Shared ground
These proverbs connect what a person receives (encouraging signals, good news, correction) with what a person becomes (joy within, strength, understanding, wisdom, honor). The text treats inner life (“heart”) and embodied life (“bones”) as linked: positive input can lift the inner person and even be described as strengthening the body.
The passage also assumes that correction is not merely negative speech. “Reproof/correction” is presented as a life-giving kind of truth-telling that, when received, leads into the company of the wise and results in “understanding.” Refusing it is pictured as self-harm (“despises his own soul”).

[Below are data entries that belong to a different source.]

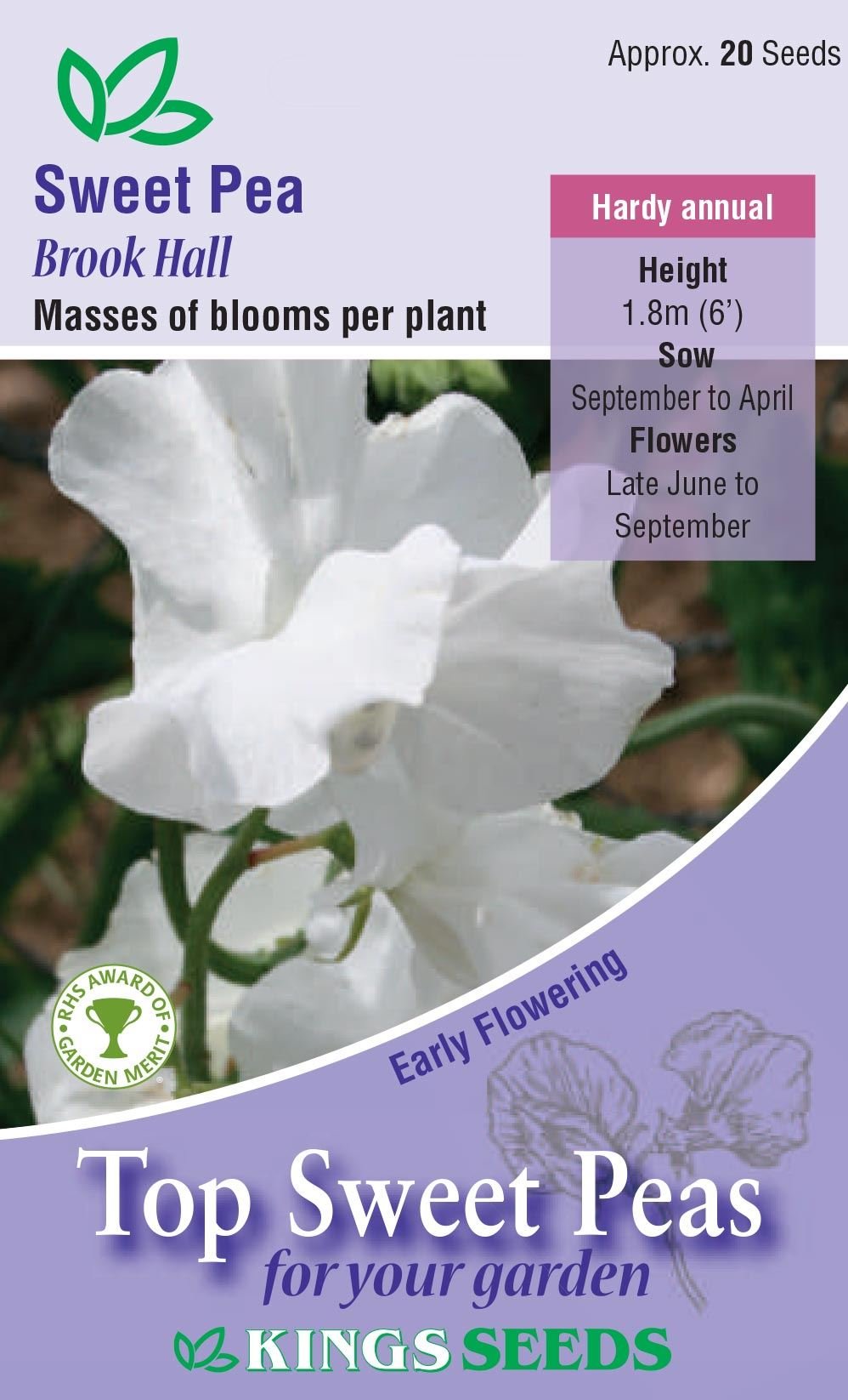Kings Seeds – Flower – Sweet Pea Brook Hall :- This long stemmed sweet pea produces many pure white flowers with waved wings and long stems which make for a good cut flower. Brook Hall is a well scented Spencer type that has the RHS Award of Garden Merit. Hardy Annual Height: 6-8ft tall (180cm – 220cm)
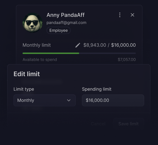Ліміти можна встановлювати не лише для карток, а й для користувачів.
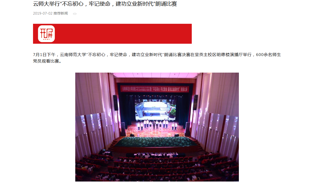 上一条:云南日报 2019-07-02 云师大举办“不忘初心、牢记使命,建功立业新时代”朗诵比赛 下一条:云南网 2019-07-01 云师大举行“不忘初心、牢记使命 建功立业新时代”朗诵比赛
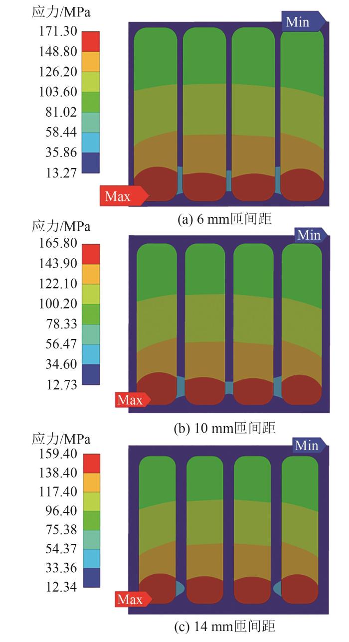 2)适当增加导体匝间距可以降低导体内表面附近的磁感应强度,当匝间距离由6 mm增加至14 mm时,导体最大等效应力从171 MPa降至160 MPa,降幅6.4%。

Finally, wisdom is not framed as value-neutral skill alone. “The fear of Yahweh” is explicitly named as what trains wisdom, and humility is presented as preceding honor.
Where interpretation differs (only where needed)
How literal the physical language is (v.30). Some read “health to the bones” mainly as a metaphor for deep vitality, resilience, or renewed strength. Others think the saying expects real bodily effects from emotional encouragement and good news (without promising perfect health).
What “lives” means (v.31). Some take it as broad flourishing (a thriving life-path). Others hear an added moral/spiritual sense: living in the “right” way before God.
What “before honor is humility” implies (v.33). Some read it as a typical pattern: humility often comes first, and honor tends to follow. Others read it more strongly as a moral order: humility is the fitting path, and honor is only rightly received after it.
Why the disagreement exists
The proverbs use compact images (“light of the eyes,” “health to the bones,” “lives,” “before”) that can carry more than one nuance. Because they are general sayings rather than case-by-case promises, readers weigh metaphor, observed life-patterns, and moral teaching differently.
What this passage clearly contributes
Explicitly, the text claims that (1) encouraging signals and good news bring joy and deep strengthening; (2) listening to reproof is associated with life and belonging among the wise; (3) refusing correction is self-contempt, while receiving it yields understanding; and (4) reverence toward Yahweh is a trainer of wisdom, with humility preceding honor (Proverbs 15:33). Theologically inferred from these claims is a picture of wisdom as teachability under God: true wisdom grows where correction is welcomed, and lasting honor is linked to humility rather than self-assertion.